• Airborne Cesium radioactivity on the F. Daiichi plant site is non-detectible at all but one monitoring point. Tokyo Electric Company’s posting of site activity for May 22 shows that airborne releases from the damaged reactor buildings for units #1 through #3 may have been curtailed. The four monitoring points at the property boundary, including the main gate, no longer show any detectible radioactive Cesium. The same is true at eleven of twelve access points (openings) to the four damaged structures, the incineration workshop, on-site bunker’s equipment hatch, solid waste reduction treatment building, and the three waste treatment buildings. The only location showing detectible Cesium is the northwest opening to reactor building #4, with a concentration of 7.6 micro-becquerels per cubic centimeter. This reading is right at the minimum level of detectability.

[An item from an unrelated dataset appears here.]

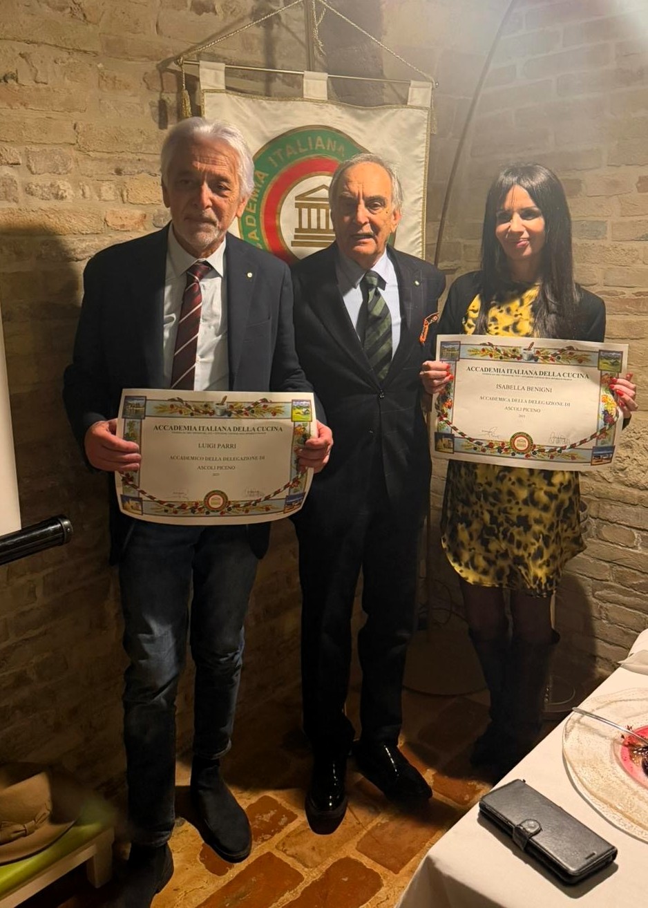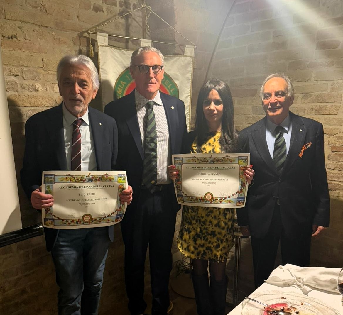 La Delegazione di Ascoli Piceno ha organizzato, per la prima volta, una riunione conviviale riservata ai soli Accademici, senza accompagnatori né ospiti, presso il ristorante “Villa dei Priori Messer Chichibio” di Monsampolo del Tronto. Lo scopo, oltre a quello di rafforzare lo spirito di corpo tra gli Accademici e di favorire l’integrazione tra i vecchi e i nuovi associati, è stato soprattutto quello di rileggere insieme le norme scritte (quali lo Statuto, il Regolamento e il Codice Etico) e quelle non scritte che riguardano l’Accademia, le sue manifestazioni e gli Accademici stessi. L’incontro è stato molto gradito e apprezzato, anche perché il compendio e la sintesi sono stati elaborati dal Coordinatore Territoriale Marche, Sandro Marani. Il menù, coordinato dal Delegato Vittorio Ricci con lo chef Piero Crescenzi, è stato da quest’ultimo preparato magistralmente, ottenendo un’ottima valutazione finale. Molto apprezzati gli antipasti, il “capocollo laccato al miele” come secondo e il dessert, un “cuore tenero di cioccolato”, semplicemente superbo.

Unfortunately, neither Tepco nor the Japanese Press is making any effort to promote this good news with the people of Japan or the world at-large. Tepco has merely posted the statistics, but has had no press release announcing it. The Japanese Press is ignoring the data. It should be noted that Tepco’s analysis of the soil surfaces inside the plant property shows contamination levels of 100 Bq/m2 for Cs-137 outside the main Administrative building, plus 960 Bq/m2 Cs-134 and 1800 Bq/m2 Cs-137 outside the Environmental Management building. Thus, F. Daiichi staff must continue to wear anti-contamination garb. http://www.tepco.co.jp/en/nu/fukushima-np/f1/smp/index-e.html
  • IAEA will open an emergency response training center in Fukushima next Monday. The facility is the result of a cooperative agreement between IAEA and the prefectural government signed last December. The center’s operation will be kicked-off with a four-day workshop beginning Tuesday. There will be about 40 participants from 18 countries atttending. The agenda will include in a field training program. (Jiji Press)
  • A senior UN official says Japan’s exposure threshold for Fukushima repopulation is too high. Anand Grover, special rapporteur to the UN’s Human Rights Council, makes the call based on his personal research with Japan’s radiation exposure issue. He believes the Tokyo government should limit public radiation exposures to 1 millisievert per year, which is believed to be Japan’s average natural background level. He further urged Japan’s threshold for emergency evacuation be lowered from the current level of 20 mSv/yr to 1 mSv/yr. In addition, he charges that limiting exposed child monitoring to thyroid examinations is inadequate, and calls for regular urine and blood tests to check for leukemia and other possible childhood diseases. Lastly, Grover says evacuees from zones reading above 1 mSv/yr be provided with housing, medical and education continued assistance by the government. His formal report will be submitted to the Human Rights Council in the near future. He gives no concrete evidence for his opinion other than saying these measures should be taken from the standpoint of human rights. (Mainichi Shimbun)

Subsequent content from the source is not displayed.